Your task: Please restate word for word the lines of the entries below from the one with "Thanks to COVID" to the one with "茶话会由中共中央政治局常委、", inclusive, and leave out every picture.

Excerpted records:
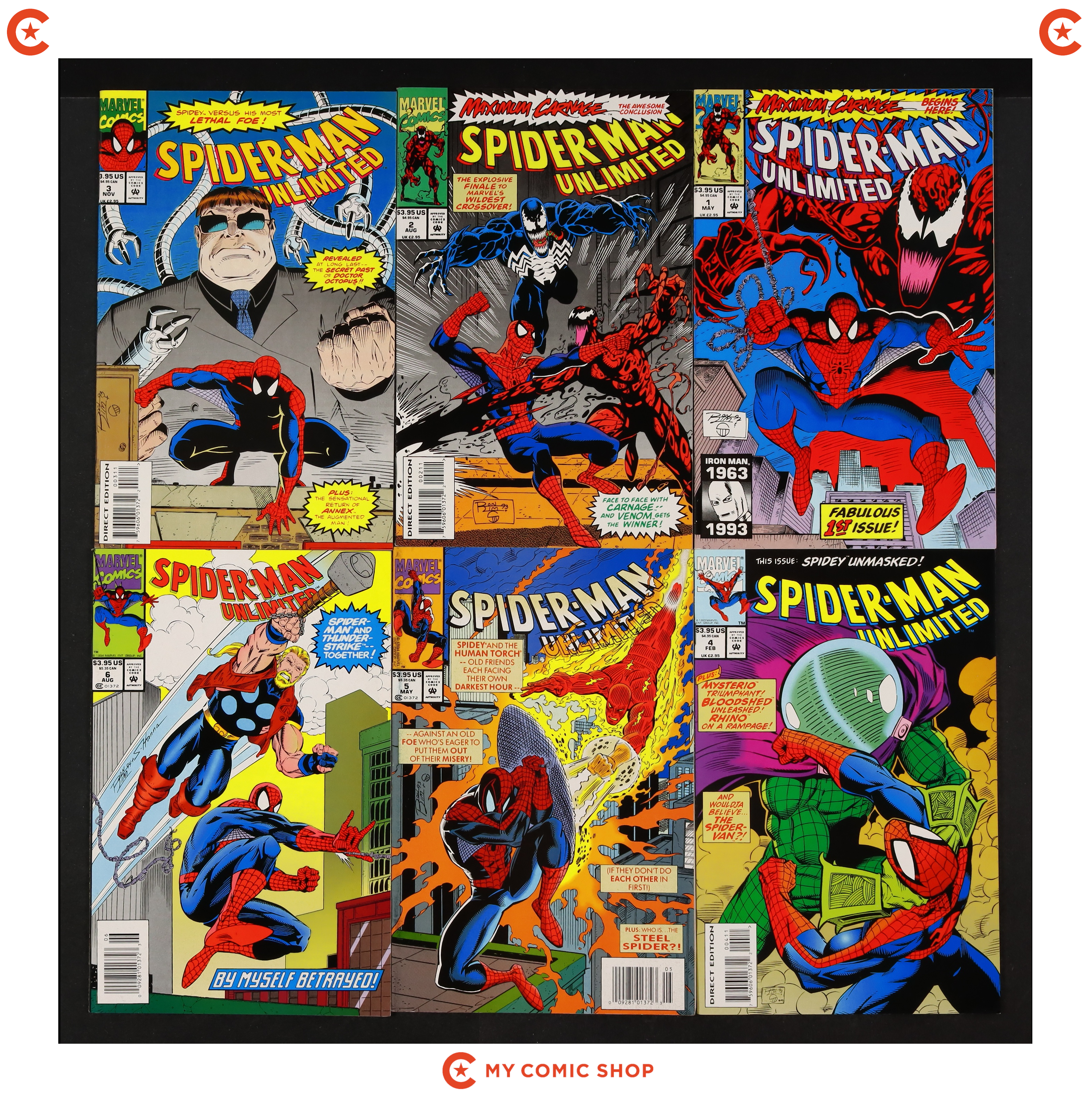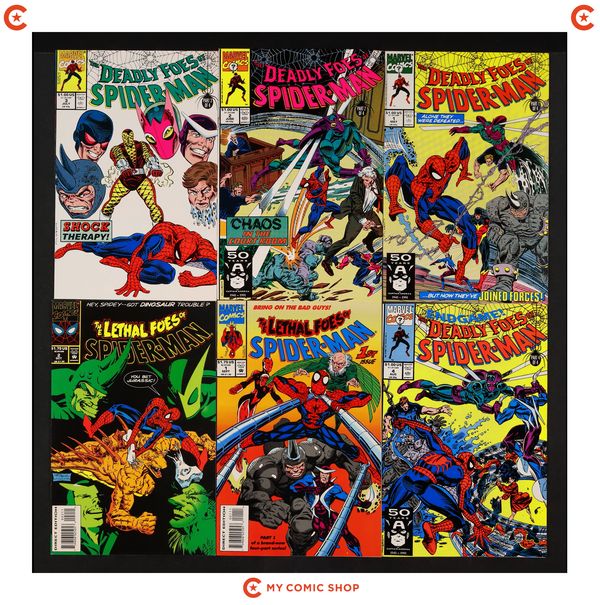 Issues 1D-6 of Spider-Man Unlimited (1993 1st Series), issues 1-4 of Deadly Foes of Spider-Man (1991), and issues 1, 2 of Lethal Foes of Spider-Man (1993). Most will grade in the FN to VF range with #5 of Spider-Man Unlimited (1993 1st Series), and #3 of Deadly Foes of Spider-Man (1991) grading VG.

* * *

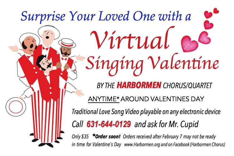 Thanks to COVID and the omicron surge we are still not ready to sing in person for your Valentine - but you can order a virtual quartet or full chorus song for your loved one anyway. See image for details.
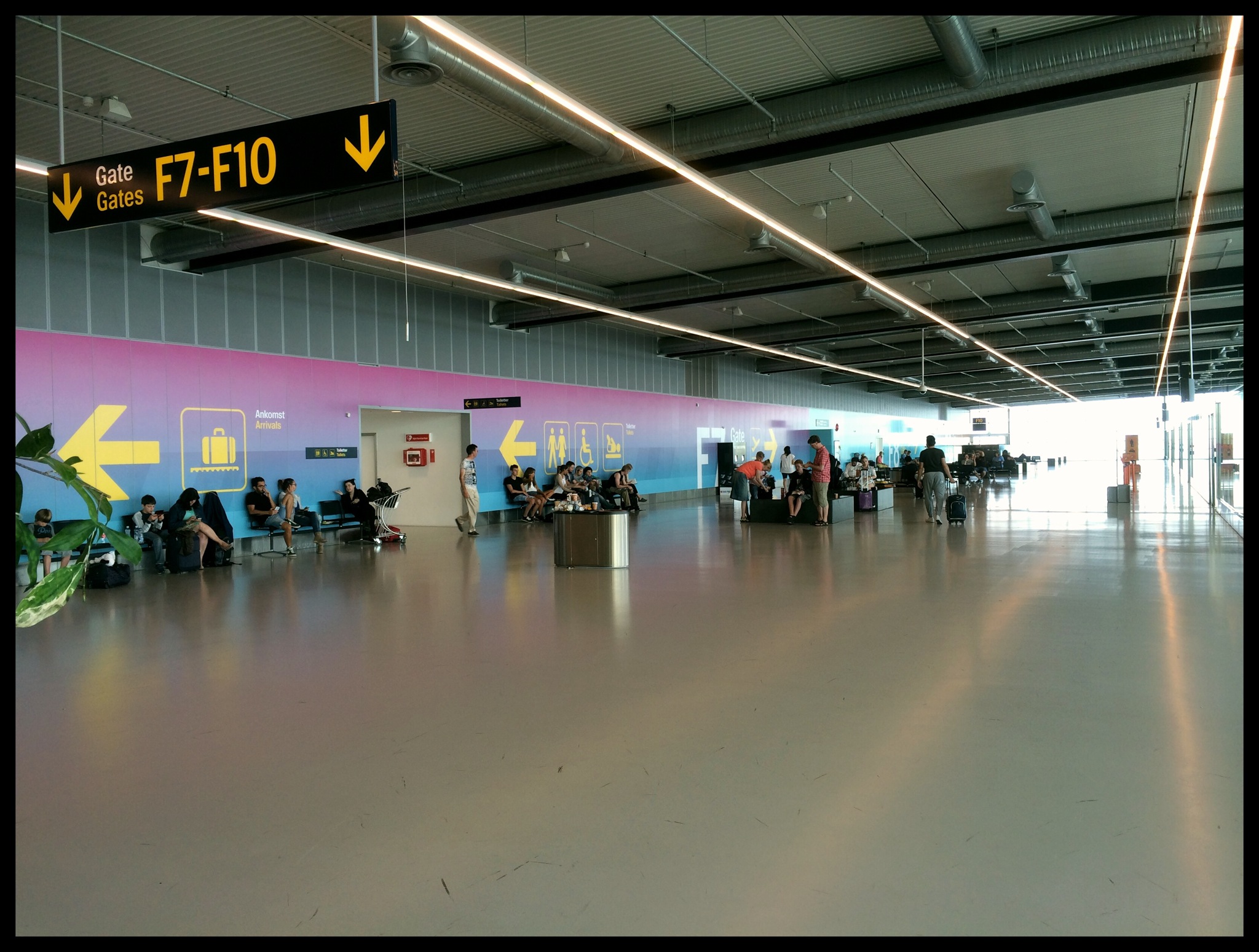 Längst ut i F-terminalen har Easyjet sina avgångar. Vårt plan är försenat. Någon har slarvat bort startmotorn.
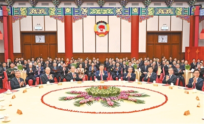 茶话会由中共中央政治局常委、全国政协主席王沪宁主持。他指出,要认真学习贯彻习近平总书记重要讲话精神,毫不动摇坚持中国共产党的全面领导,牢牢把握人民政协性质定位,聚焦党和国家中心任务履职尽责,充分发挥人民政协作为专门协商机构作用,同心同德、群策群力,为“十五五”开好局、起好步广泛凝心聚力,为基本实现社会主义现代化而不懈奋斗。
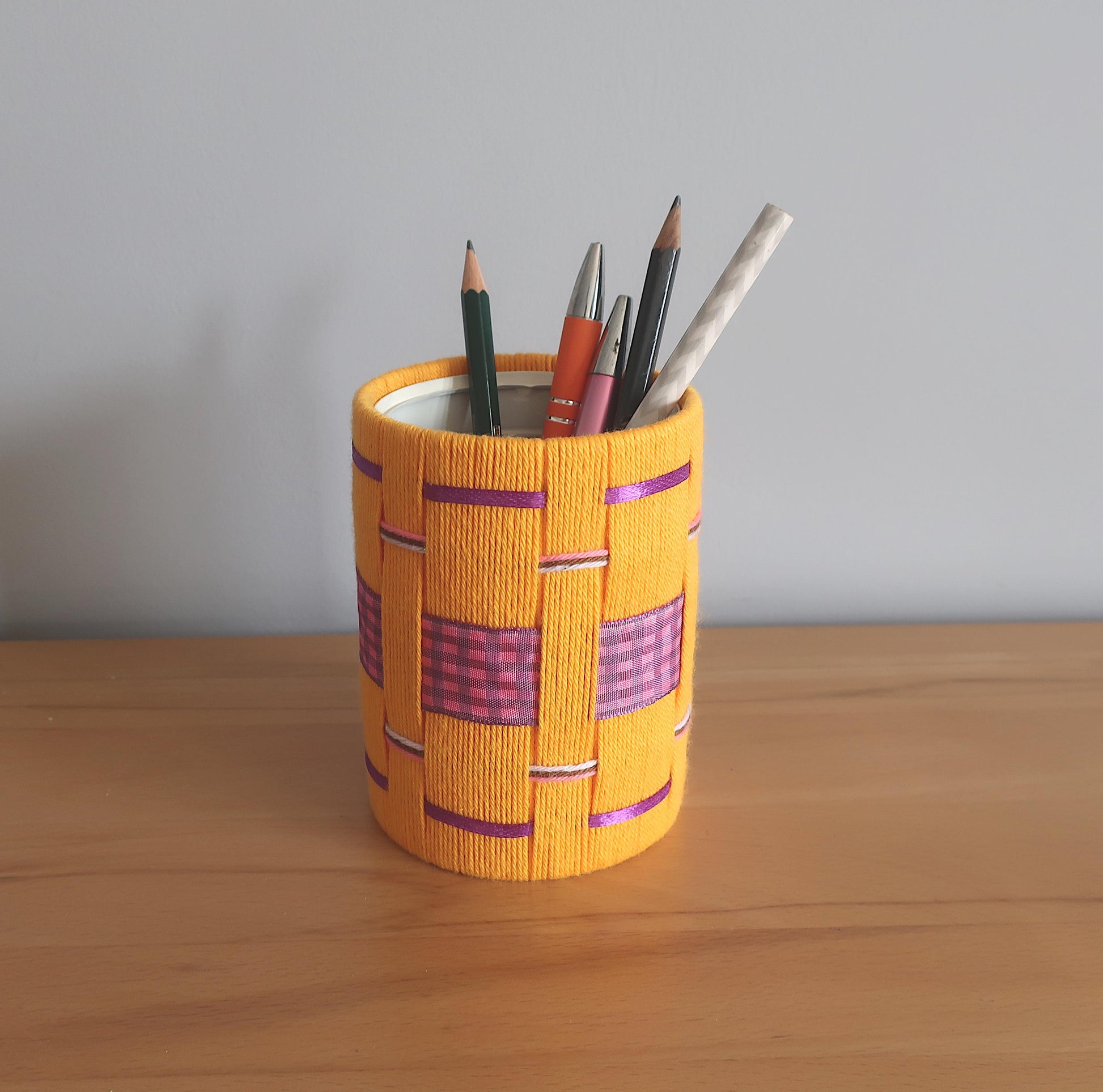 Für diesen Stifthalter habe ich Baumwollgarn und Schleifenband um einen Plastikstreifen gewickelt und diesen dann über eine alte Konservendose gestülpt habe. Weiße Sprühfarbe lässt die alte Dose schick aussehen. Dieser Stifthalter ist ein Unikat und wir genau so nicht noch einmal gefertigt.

* * *

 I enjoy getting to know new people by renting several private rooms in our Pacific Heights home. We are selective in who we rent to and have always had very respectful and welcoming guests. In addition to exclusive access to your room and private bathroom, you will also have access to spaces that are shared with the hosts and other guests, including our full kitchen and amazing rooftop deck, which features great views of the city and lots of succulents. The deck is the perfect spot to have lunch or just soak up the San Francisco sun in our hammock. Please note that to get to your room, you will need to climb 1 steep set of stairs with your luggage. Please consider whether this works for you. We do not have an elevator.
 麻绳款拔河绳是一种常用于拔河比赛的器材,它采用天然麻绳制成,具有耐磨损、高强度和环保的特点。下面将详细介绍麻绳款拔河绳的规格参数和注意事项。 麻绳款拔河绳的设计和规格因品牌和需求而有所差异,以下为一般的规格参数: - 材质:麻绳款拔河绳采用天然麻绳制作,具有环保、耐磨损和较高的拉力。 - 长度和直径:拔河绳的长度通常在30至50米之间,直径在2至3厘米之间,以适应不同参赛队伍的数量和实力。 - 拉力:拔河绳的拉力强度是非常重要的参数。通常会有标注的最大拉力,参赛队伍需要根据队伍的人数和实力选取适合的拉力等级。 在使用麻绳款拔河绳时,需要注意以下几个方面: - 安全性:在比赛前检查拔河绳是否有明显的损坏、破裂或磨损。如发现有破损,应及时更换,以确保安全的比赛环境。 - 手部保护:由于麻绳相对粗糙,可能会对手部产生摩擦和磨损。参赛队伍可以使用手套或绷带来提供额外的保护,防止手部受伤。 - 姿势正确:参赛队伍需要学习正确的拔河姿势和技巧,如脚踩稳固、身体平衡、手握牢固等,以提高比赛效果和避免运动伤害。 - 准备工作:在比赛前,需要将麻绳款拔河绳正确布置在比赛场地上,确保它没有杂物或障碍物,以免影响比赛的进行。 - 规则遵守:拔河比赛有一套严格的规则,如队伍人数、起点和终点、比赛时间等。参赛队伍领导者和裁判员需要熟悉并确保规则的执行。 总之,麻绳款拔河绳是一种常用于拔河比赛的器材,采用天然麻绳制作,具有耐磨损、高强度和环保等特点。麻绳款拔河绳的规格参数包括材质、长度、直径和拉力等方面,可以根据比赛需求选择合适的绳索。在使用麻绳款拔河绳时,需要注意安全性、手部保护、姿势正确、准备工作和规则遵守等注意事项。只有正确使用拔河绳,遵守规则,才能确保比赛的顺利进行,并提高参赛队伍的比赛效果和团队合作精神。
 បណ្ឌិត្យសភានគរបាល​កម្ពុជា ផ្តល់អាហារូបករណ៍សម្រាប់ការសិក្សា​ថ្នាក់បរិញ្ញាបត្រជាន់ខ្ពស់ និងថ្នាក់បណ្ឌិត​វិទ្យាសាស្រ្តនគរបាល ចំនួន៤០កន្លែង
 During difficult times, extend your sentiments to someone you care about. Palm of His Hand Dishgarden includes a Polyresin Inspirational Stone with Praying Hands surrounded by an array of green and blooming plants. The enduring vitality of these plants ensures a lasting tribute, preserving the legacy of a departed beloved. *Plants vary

Output:
 Thanks to COVID and the omicron surge we are still not ready to sing in person for your Valentine - but you can order a virtual quartet or full chorus song for your loved one anyway. See image for details.
 Längst ut i F-terminalen har Easyjet sina avgångar. Vårt plan är försenat. Någon har slarvat bort startmotorn.
 茶话会由中共中央政治局常委、全国政协主席王沪宁主持。他指出,要认真学习贯彻习近平总书记重要讲话精神,毫不动摇坚持中国共产党的全面领导,牢牢把握人民政协性质定位,聚焦党和国家中心任务履职尽责,充分发挥人民政协作为专门协商机构作用,同心同德、群策群力,为“十五五”开好局、起好步广泛凝心聚力,为基本实现社会主义现代化而不懈奋斗。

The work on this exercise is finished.